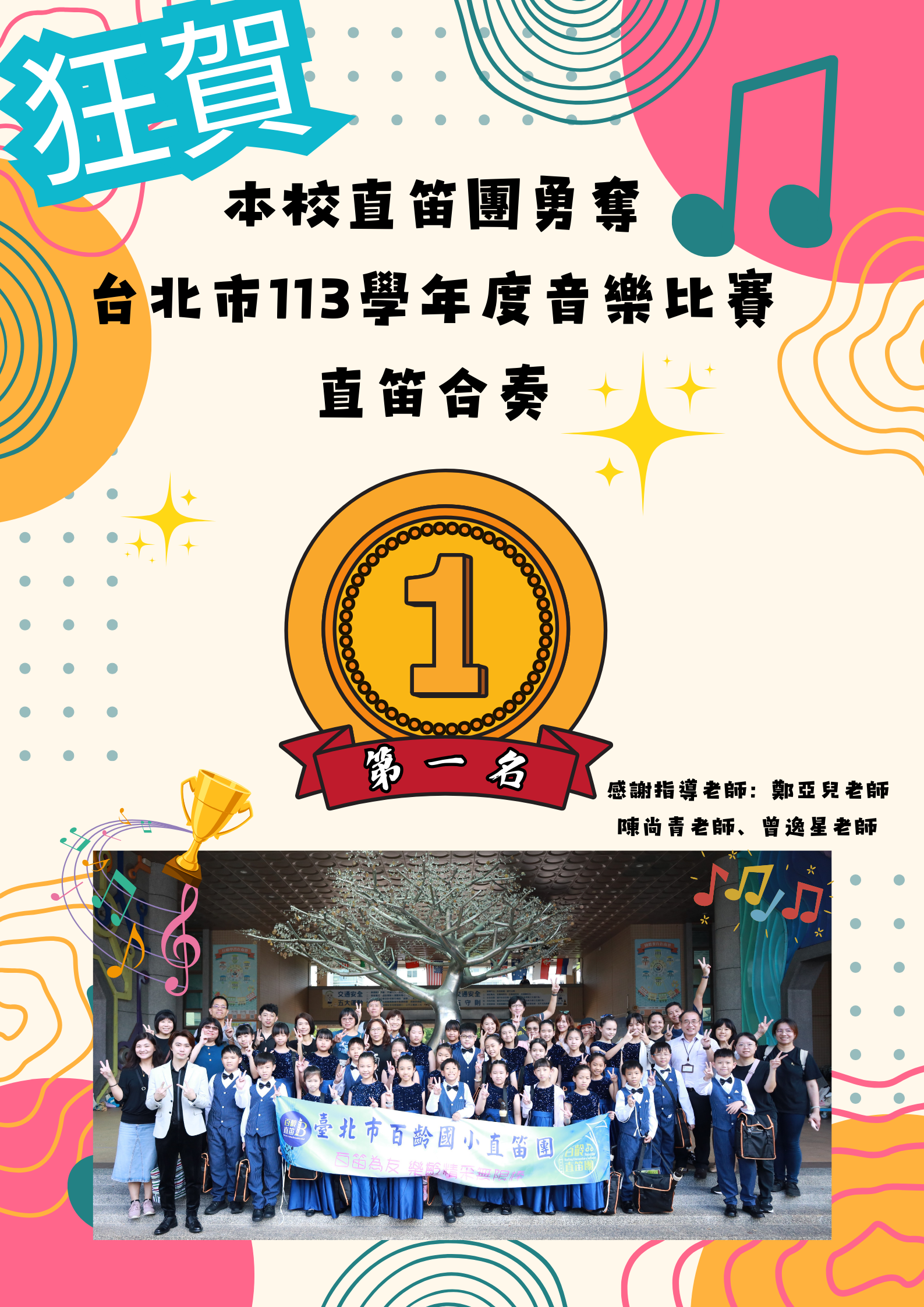 狂賀!!本校直笛團參加113學年度台北市學生音樂比賽榮獲北區優等第一名。
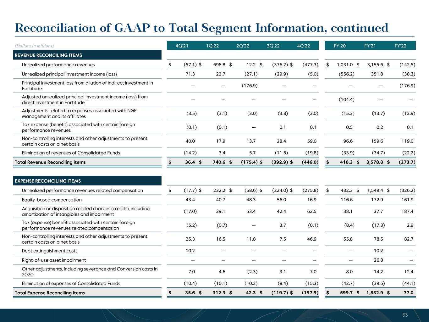 R-14 7 G-19 5 B-19 7 R-88 G-15 9 B-16 5 R-13 6 G-18 0 B-83 R-16 3 G-14 3 B-18 7 R-0 G-74 B-13 6 R-18 5 G-21 1 B-15 3 R-11 8 G-92 B-15 0 R-22 0 G-22 1 B-23 2 R-14 0 G-14 1 B-15 2R-12 0 G-16 9 B-22 2 Old Colors R-88 G-89 B-91 58595B R-23 G-234 B-234 EAEAEA R-208 G-232 B-247 D0E8F7 R-65 G-64 B-66 414042 R-8 G-51 B-94 08335E R-167 G-169 B-171 A7A9AB R-9 G-102 B-112 096670 R-220 G-221 B-222 DCDDDE R-97 G-161 B-224 61A1E0 R-237 G-217 B-157 EDD99D R-147 G-195 B-197 93C3C5 Reconciliation of GAAP to Total Segment Information, continued (Dollars in millions) 4Q'21 1Q'22 2Q'22 3Q'22 4Q'22 FY'20 FY'21 FY'22 REVENUE RECONCILING ITEMS Unrealized performance revenues $ (57.1) $ 698.8 $ 12.2 $ (376.2) $ (477.3) $ 1,031.0 $ 3,155.6 $ (142.5) Unrealized principal investment income (loss) 71.3 23.7 (27.1) (29.9) (5.0) (556.2) 351.8 (38.3) Principal investment loss from dilution of indirect investment in Fortitude — — (176.9) — — — — (176.9) Adjusted unrealized principal investment income (loss) from direct investment in Fortitude — — — — — (104.4) — — Adjustments related to expenses associated with NGP Management and its affiliates (3.5) (3.1) (3.0) (3.8) (3.0) (15.3) (13.7) (12.9) Tax expense (benefit) associated with certain foreign performance revenues (0.1) (0.1) — 0.1 0.1 0.5 0.2 0.1 Non-controlling interests and other adjustments to present certain costs on a net basis 40.0 17.9 13.7 28.4 59.0 96.6 159.6 119.0 Elimination of revenues of Consolidated Funds (14.2) 3.4 5.7 (11.5) (19.8) (33.9) (74.7) (22.2) Total Revenue Reconciling Items $ 36.4 $ 740.6 $ (175.4) $ (392.9) $ (446.0) $ 418.3 $ 3,578.8 $ (273.7) EXPENSE RECONCILING ITEMS Unrealized performance revenues related compensation $ (17.7) $ 232.2 $ (58.6) $ (224.0) $ (275.8) $ 432.3 $ 1,549.4 $ (326.2) Equity-based compensation 43.4 40.7 48.3 56.0 16.9 116.6 172.9 161.9 Acquisition or disposition related charges (credits), including amortization of intangibles and impairment (17.0) 29.1 53.4 42.4 62.5 38.1 37.7 187.4 Tax (expense) benefit associated with certain foreign performance revenues related compensation (5.2) (0.7) — 3.7 (0.1) (8.4) (17.3) 2.9 Non-controlling interests and other adjustments to present certain costs on a net basis 25.3 16.5 11.8 7.5 46.9 55.8 78.5 82.7 Debt extinguishment costs 10.2 — — — — — 10.2 — Right-of-use asset impairment — — — — — — 26.8 — Other adjustments, including severance and Conversion costs in 2020 7.0 4.6 (2.3) 3.1 7.0 8.0 14.2 12.4 Elimination of expenses of Consolidated Funds (10.4) (10.1) (10.3) (8.4) (15.3) (42.7) (39.5) (44.1) Total Expense Reconciling Items $ 35.6 $ 312.3 $ 42.3 $ (119.7) $ (157.9) $ 599.7 $ 1,832.9 $ 77.0 33
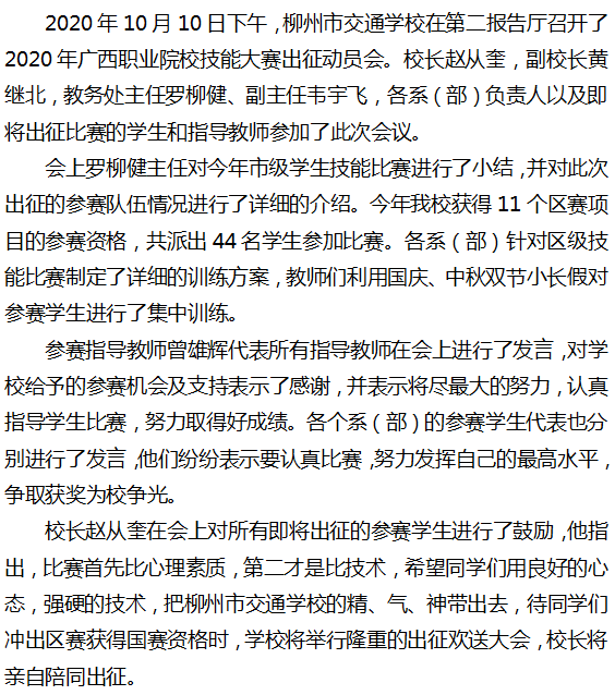 柳州市交通学校 召开2020年广西职业院校技能大赛出征动员会
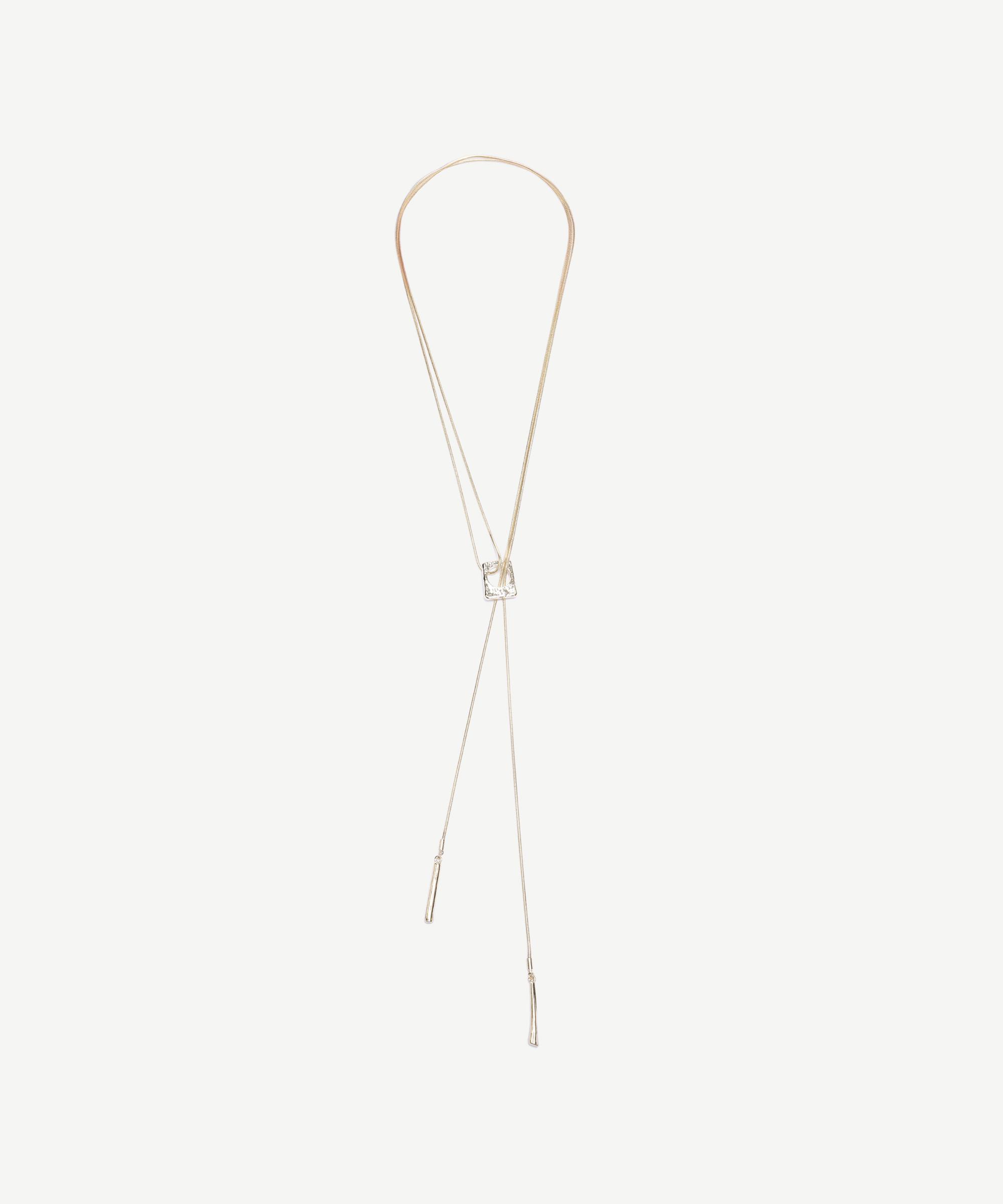 İnce ve uzun formdaki bu kolye, ortasında yer alan kare detayla sadelikten ödün vermeyen modern bir görünüm sunuyor. Özellikle V yaka üstlerle kombinlendiğinde zarif bir tamamlayıcı olarak dikkat çekiyor.
::::
● Your assignment:
Please give the data again in full, exactly as written, but without any images.

● Exercise solution:
 狂賀!!本校直笛團參加113學年度台北市學生音樂比賽榮獲北區優等第一名。
 R-14 7 G-19 5 B-19 7 R-88 G-15 9 B-16 5 R-13 6 G-18 0 B-83 R-16 3 G-14 3 B-18 7 R-0 G-74 B-13 6 R-18 5 G-21 1 B-15 3 R-11 8 G-92 B-15 0 R-22 0 G-22 1 B-23 2 R-14 0 G-14 1 B-15 2R-12 0 G-16 9 B-22 2 Old Colors R-88 G-89 B-91 58595B R-23 G-234 B-234 EAEAEA R-208 G-232 B-247 D0E8F7 R-65 G-64 B-66 414042 R-8 G-51 B-94 08335E R-167 G-169 B-171 A7A9AB R-9 G-102 B-112 096670 R-220 G-221 B-222 DCDDDE R-97 G-161 B-224 61A1E0 R-237 G-217 B-157 EDD99D R-147 G-195 B-197 93C3C5 Reconciliation of GAAP to Total Segment Information, continued (Dollars in millions) 4Q'21 1Q'22 2Q'22 3Q'22 4Q'22 FY'20 FY'21 FY'22 REVENUE RECONCILING ITEMS Unrealized performance revenues $ (57.1) $ 698.8 $ 12.2 $ (376.2) $ (477.3) $ 1,031.0 $ 3,155.6 $ (142.5) Unrealized principal investment income (loss) 71.3 23.7 (27.1) (29.9) (5.0) (556.2) 351.8 (38.3) Principal investment loss from dilution of indirect investment in Fortitude — — (176.9) — — — — (176.9) Adjusted unrealized principal investment income (loss) from direct investment in Fortitude — — — — — (104.4) — — Adjustments related to expenses associated with NGP Management and its affiliates (3.5) (3.1) (3.0) (3.8) (3.0) (15.3) (13.7) (12.9) Tax expense (benefit) associated with certain foreign performance revenues (0.1) (0.1) — 0.1 0.1 0.5 0.2 0.1 Non-controlling interests and other adjustments to present certain costs on a net basis 40.0 17.9 13.7 28.4 59.0 96.6 159.6 119.0 Elimination of revenues of Consolidated Funds (14.2) 3.4 5.7 (11.5) (19.8) (33.9) (74.7) (22.2) Total Revenue Reconciling Items $ 36.4 $ 740.6 $ (175.4) $ (392.9) $ (446.0) $ 418.3 $ 3,578.8 $ (273.7) EXPENSE RECONCILING ITEMS Unrealized performance revenues related compensation $ (17.7) $ 232.2 $ (58.6) $ (224.0) $ (275.8) $ 432.3 $ 1,549.4 $ (326.2) Equity-based compensation 43.4 40.7 48.3 56.0 16.9 116.6 172.9 161.9 Acquisition or disposition related charges (credits), including amortization of intangibles and impairment (17.0) 29.1 53.4 42.4 62.5 38.1 37.7 187.4 Tax (expense) benefit associated with certain foreign performance revenues related compensation (5.2) (0.7) — 3.7 (0.1) (8.4) (17.3) 2.9 Non-controlling interests and other adjustments to present certain costs on a net basis 25.3 16.5 11.8 7.5 46.9 55.8 78.5 82.7 Debt extinguishment costs 10.2 — — — — — 10.2 — Right-of-use asset impairment — — — — — — 26.8 — Other adjustments, including severance and Conversion costs in 2020 7.0 4.6 (2.3) 3.1 7.0 8.0 14.2 12.4 Elimination of expenses of Consolidated Funds (10.4) (10.1) (10.3) (8.4) (15.3) (42.7) (39.5) (44.1) Total Expense Reconciling Items $ 35.6 $ 312.3 $ 42.3 $ (119.7) $ (157.9) $ 599.7 $ 1,832.9 $ 77.0 33
 柳州市交通学校 召开2020年广西职业院校技能大赛出征动员会
 İnce ve uzun formdaki bu kolye, ortasında yer alan kare detayla sadelikten ödün vermeyen modern bir görünüm sunuyor. Özellikle V yaka üstlerle kombinlendiğinde zarif bir tamamlayıcı olarak dikkat çekiyor.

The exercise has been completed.